Превращение церкви из орудия господства феодалов в орудие господства дво­рянского государства получило свое завершение в XVII в., когда после смуты дворянство окончательно захватило руководящее положение в Московском госу­дарстве и преобразовало его сообразно со своими ин­тересами. Эта перемена коснулась и церкви. Нет ниче­го более ошибочного, чем взгляд, будто так называе­мый патриарший период в истории русской церкви, совпадающий с XVII в., был эпохой особого могущест­ва и независимости церкви как таковой. Напротив, при­обретя новый, более ослепительный, чем раньше, внеш­ний блеск, церковь в области управления и даже куль­та превратилась, в сущности, в один из московских приказов; если в удельную эпоху князья церкви были действительно владетельными князьями, то теперь да­же сам патриарх вынужден был считаться с директи­вами и постоянным контролем со стороны царя и бояр­ской думы.

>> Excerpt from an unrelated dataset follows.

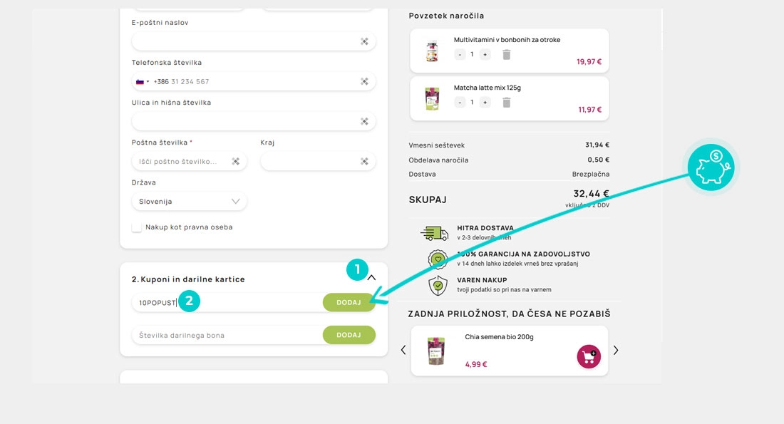 Za uporabo promo kode registracija ni obvezna. Uporabite kodo v spletni košarici, ne da bi imeli uporabniški račun v spletni trgovini.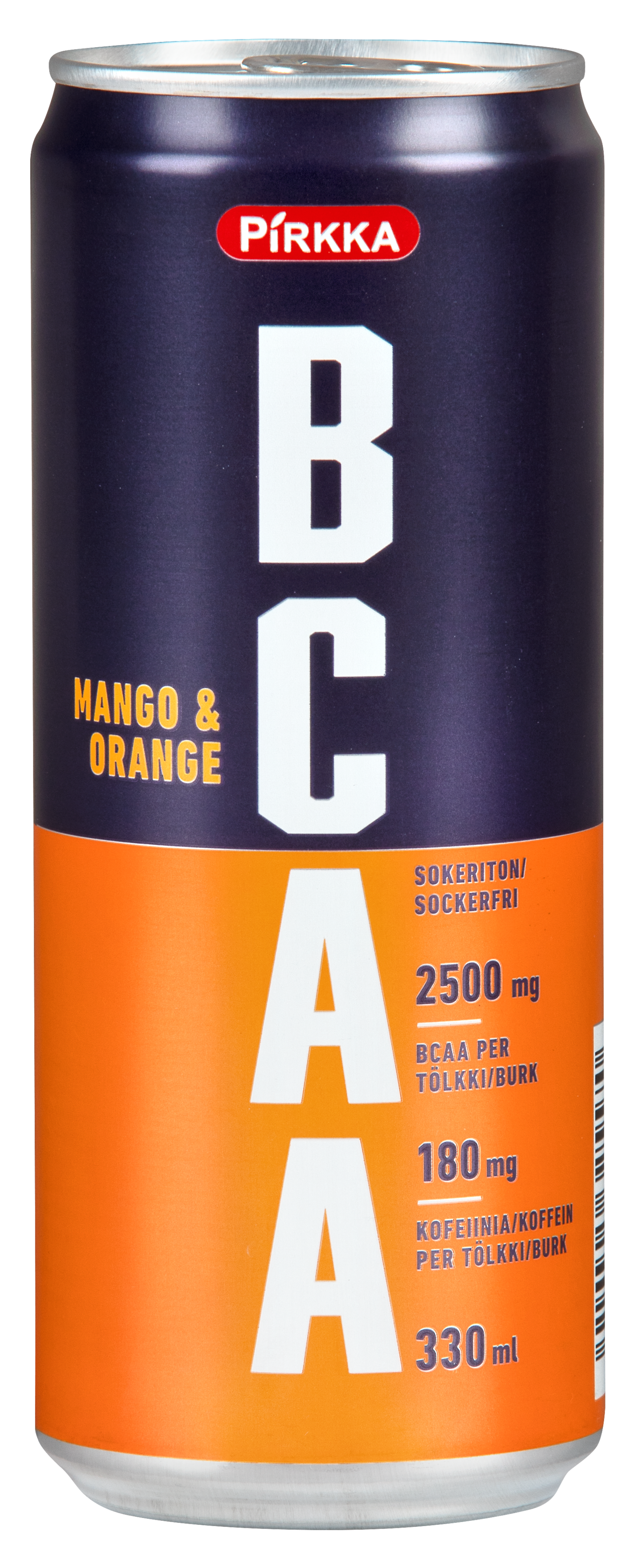 Mangon ja appelsiinin makuinen Pirkka BCAA-juoma mango-orange on hiilihapotettu aminohappo-vitamiinijuoma, joka sisältää myös kofeiinia. Raikas janonsammuttaja on sokeriton ja makeutettu sukraloosilla. Yksi tölkki sisältää BCAA-aminohappoja 2500 mg ja kofeiinia 180 mg. Tuotteen valmistaa Finn Spring Oy Keski-Pohjanmaalla Lestijärvellä.

Это глубокое изменение в положении церкви имело под собою, конечно, соответствующее экономическое основание. Правда, абсолютные размеры церковных вотчин и численность церковных людей были и в XVII в. весьма внушительны: по приблизительному и скорее преуменьшенному, чем преувеличенному, расчету, пат­риарху, митрополитам и епископам принадлежало в конце XVII в. около 37 000 дворов, в которых числи­лось около 440 000 душ тяглого населения обоего пола, и, кроме того, значительные земли с значительным ко­личеством населения числились за монастырями, не входившими в число специально патриарших и епи­скопских монастырей. Но все же эта хозяйственная база в сравнении с хозяйственной базой дворянского государства представляется значительно более узкой. В то время как поместная система продвинулась на во­сток к Волге и за Волгу, на юг за Оку и на запад к Днепру, а также захватила частью и север, в то время как росли торгово-промышленные города и слободы, непосредственно эксплуатировавшиеся дворянским го­сударством, церковное и монастырское землевладение возрастало очень медленно, скованное ограничениями XVI в. Значительно возросли лишь патриаршие вотчи­ны в первой половине XVII в., но и то вследствие того случайного обстоятельства, что патриарх Филарет, отец царя Михаила, был фактическим царем и не попал фор­мально на царский престол только потому, что его во время Смуты Борис Годунов насильно постриг в монахи. Обрисованное соотношение сил между церковными и дворянскими мирами еще лучше иллюстрируется стати­стическими данными: если считать численность церков­ных людей максимально в 1000 000 душ, то эта цифра будет составлять лишь около 8% к общей численности населения, достигавшей в XVII в., по Милюкову, 12- 13 млн. Вполне естественно, что церковь в дворянском государстве не могла занять командующего положения и вынуждена была делиться с дворянством властью даже в своей собственной области.
Дворянство ревниво следило за церковным хозяйст­вом и продолжало принимать свои меры против его ро­ста. Не довольствуясь теми ограничениями, какие были введены при Грозном, московское правительство про­вело на соборе 1580 г. постановление, согласно которому запрещалось давать монастырям вотчины на помин души и предписывалось вместо этого делать денежные вклады, а также вообще запрещалось церковным лицам и учреждениям покупать и брать в залог земли.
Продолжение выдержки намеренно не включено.